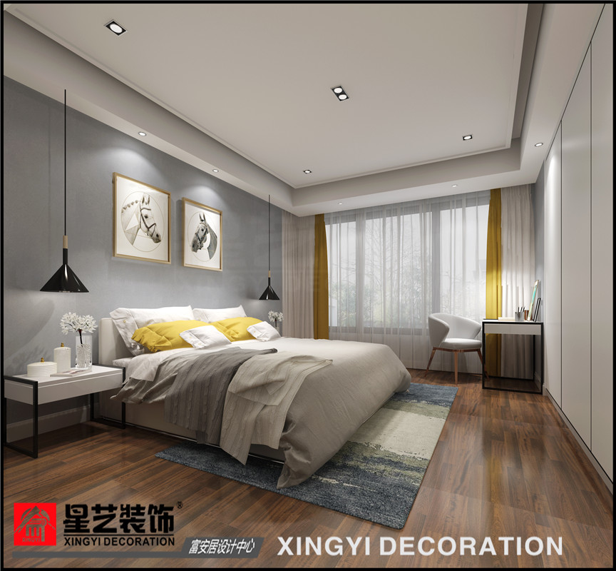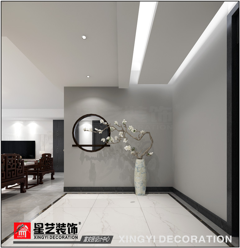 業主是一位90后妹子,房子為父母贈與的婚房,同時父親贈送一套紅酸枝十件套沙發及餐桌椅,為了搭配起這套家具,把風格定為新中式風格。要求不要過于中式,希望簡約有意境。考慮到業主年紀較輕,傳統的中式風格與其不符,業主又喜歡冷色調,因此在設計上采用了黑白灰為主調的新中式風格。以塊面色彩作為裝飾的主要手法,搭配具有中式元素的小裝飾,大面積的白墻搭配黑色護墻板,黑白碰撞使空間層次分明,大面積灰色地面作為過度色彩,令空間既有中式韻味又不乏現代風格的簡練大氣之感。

==

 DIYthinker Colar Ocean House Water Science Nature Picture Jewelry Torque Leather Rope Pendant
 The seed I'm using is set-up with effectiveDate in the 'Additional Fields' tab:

THE PROBLEM:
Could you transcribe the entries above word for word, from the line with "DIYthinker Colar Ocean" down to the line with "The seed I'm", keeping both?

REPLY:
 DIYthinker Colar Ocean House Water Science Nature Picture Jewelry Torque Leather Rope Pendant
 The seed I'm using is set-up with effectiveDate in the 'Additional Fields' tab:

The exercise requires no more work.